SEC Notice on Broker-Dealer Reserve Computations for U.S. Treasury Securities
AI-generated summary for informational purposes only. Not legal advice. See the original source for the authoritative text.
The law allows broker-dealers to revise how they compute cash reserves when dealing with U.S. Treasury securities. Broker-dealers can now consider certain deposits, like cash or Treasury securities, in reserve calculations for customer margin requirements. This adjustment is to better align with existing market clearing practices and may require operational updates by compliance teams.

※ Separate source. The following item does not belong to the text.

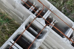 Ztracené bednění • Tvarovky z prostého vibrolisovaného betonu, které splňují parametry normy ČSN EN 771–3(A1). • Vyráběné rozměry: 500×150×250; 500×200×250; 500×250×250; 500×300×250; 500×400×250; 500×500×250 mm. • Tvarovky jsou vyrobeny z cementů, přírodních kameniv a ekologicky nezávadných zušlechťujících přísad a pigmentů. • Prvky ztraceného bednění jsou určeny ke zhotovení základů bez nutnosti použití formovacího bednění. • Profil tvarovek je uzpůsoben pro vkládání vodorovného armování a tvar bočnic prvků vytváří zámek, který urychluje samotnou realizaci a zjednodušuje její pracnost. Prvky se kladou na vazbu, a to na sucho, nebo za použití maltové směsi či stavebního lepidla a poté se pro zmonolitnění zalijí betonem, případně se konstrukce zpevní vodorovnou a svislou výztuží. Předpokladem pro bezpečné použití výztuže je odborný statický výpočet. • Prvky ZB splňují podmínky vyhlášky Státního úřadu pro jadernou bezpečnost o radiační ochraně číslo 307/2002 Sb. • Prvky ztraceného bednění se ukládají na vybudovaný základový pás.

AI-generated summary. May contain errors. Refer to official sources for legal decisions.
Key Changes
- Broker-dealers can now include cash or Treasury securities in reserve calculations.
- Conditions set in Note H must be met for calculating reserves.
- CMESC rules have been approved for compliance with the regulation.
Obligations
What this law requires
Broker-dealers must meet all conditions set forth in Note H to Item 15 of Rule 15c3-3a before including a debit in customer and/or PAB reserve computations for U.S. Treasury securities clearing agency margin deposits.
Broker-dealers must deposit cash, U.S. Treasury securities, and/or qualified customer securities with CME Securities Clearing Inc. (CMESC) to meet margin requirements resulting from customer positions in U.S. Treasury securities in order to claim the reserve debit.
Broker-dealers must ensure that margin deposited with CMESC is properly maintained and accounted for in accordance with Note H conditions regarding custody and segregation of customer and PAB account holder margin.
Broker-dealers must compute customer and PAB reserve requirements in accordance with Rule 15c3-3a, including the addition of Item 15 reflecting the debit value for eligible U.S. Treasury securities clearing deposits.
Broker-dealers must perform customer and PAB reserve computations on a weekly or daily basis and make required deposits in a special reserve account at a bank, as required by Rule 15c3-3(e)(3).